— Activity —
Each entry below should be given again exactly; the pictures stay out.

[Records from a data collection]
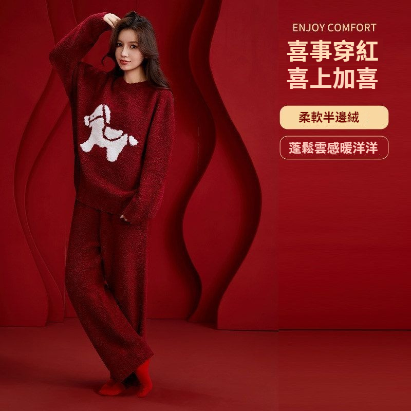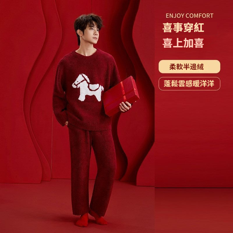 第 1 件 : 新款半邊絨紅色馬年本命年2026冬季睡衣結婚情侶男女套裝圓領
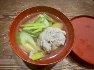 熱々のメギス団子のお汁、出来上がり。
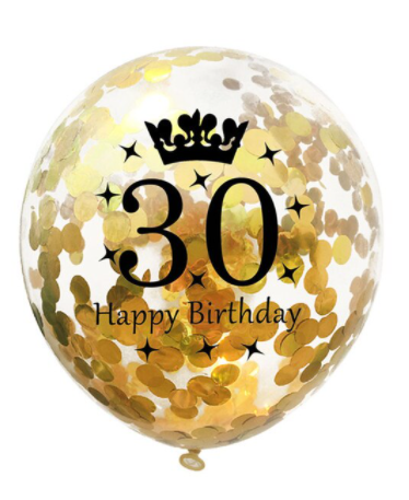 Zestaw 6szt balonów korona ZŁOTE KONFETTI, 30-stka 30 urodziny Balony z konfetti
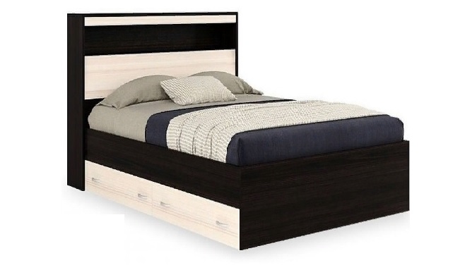 Двуспальная кровать выполнена из ЛДСП 16мм, цвета дуб честерфилд и бодега светлый. Кромка ПВХ.
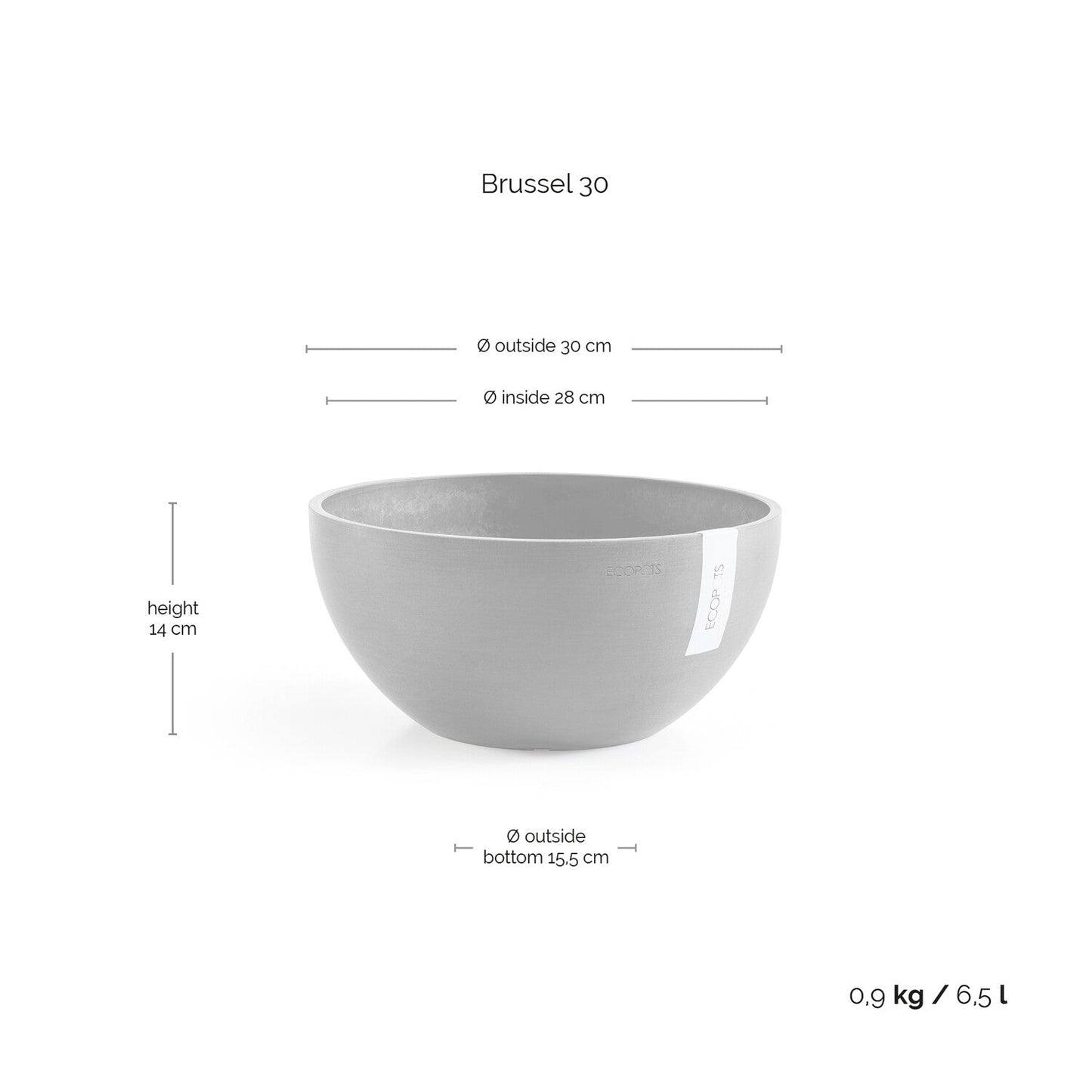 Ecopots Brysseli - Matala ruukku perinteisellä muotoilulla

— Result for this task —
 第 1 件 : 新款半邊絨紅色馬年本命年2026冬季睡衣結婚情侶男女套裝圓領
 熱々のメギス団子のお汁、出来上がり。
 Zestaw 6szt balonów korona ZŁOTE KONFETTI, 30-stka 30 urodziny Balony z konfetti
 Двуспальная кровать выполнена из ЛДСП 16мм, цвета дуб честерфилд и бодега светлый. Кромка ПВХ.
 Ecopots Brysseli - Matala ruukku perinteisellä muotoilulla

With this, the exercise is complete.